-- Opening Marker --

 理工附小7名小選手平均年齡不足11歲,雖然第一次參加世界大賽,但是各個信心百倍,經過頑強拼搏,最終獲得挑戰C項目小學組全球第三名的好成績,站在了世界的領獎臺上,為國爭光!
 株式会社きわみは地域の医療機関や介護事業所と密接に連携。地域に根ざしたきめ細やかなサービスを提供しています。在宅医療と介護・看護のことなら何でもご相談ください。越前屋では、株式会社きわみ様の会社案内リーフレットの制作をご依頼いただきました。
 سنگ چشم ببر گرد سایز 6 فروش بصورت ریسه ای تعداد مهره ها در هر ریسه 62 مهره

-- Closing Marker --
-- Opening Marker --

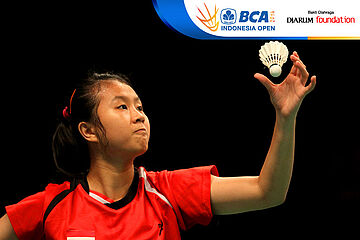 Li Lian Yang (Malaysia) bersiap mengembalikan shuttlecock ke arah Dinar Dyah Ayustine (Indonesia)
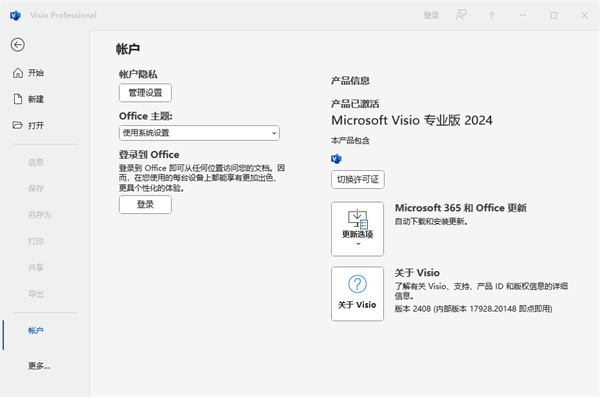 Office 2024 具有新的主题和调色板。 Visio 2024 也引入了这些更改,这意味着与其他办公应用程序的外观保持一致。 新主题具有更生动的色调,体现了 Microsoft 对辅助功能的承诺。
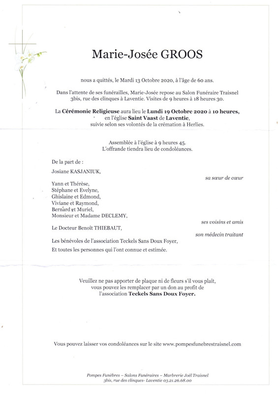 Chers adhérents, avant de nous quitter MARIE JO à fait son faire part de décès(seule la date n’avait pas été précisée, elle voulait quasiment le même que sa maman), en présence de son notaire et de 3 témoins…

-- Closing Marker --

### THE TASK
Would you quote everything above from the line containing "理工附小7名小選手平均年齡不" down to the line containing "سنگ چشم ببر"? Include both of those lines and nothing else.

### EXPECTED ANSWER
 理工附小7名小選手平均年齡不足11歲,雖然第一次參加世界大賽,但是各個信心百倍,經過頑強拼搏,最終獲得挑戰C項目小學組全球第三名的好成績,站在了世界的領獎臺上,為國爭光!
 株式会社きわみは地域の医療機関や介護事業所と密接に連携。地域に根ざしたきめ細やかなサービスを提供しています。在宅医療と介護・看護のことなら何でもご相談ください。越前屋では、株式会社きわみ様の会社案内リーフレットの制作をご依頼いただきました。
 سنگ چشم ببر گرد سایز 6 فروش بصورت ریسه ای تعداد مهره ها در هر ریسه 62 مهره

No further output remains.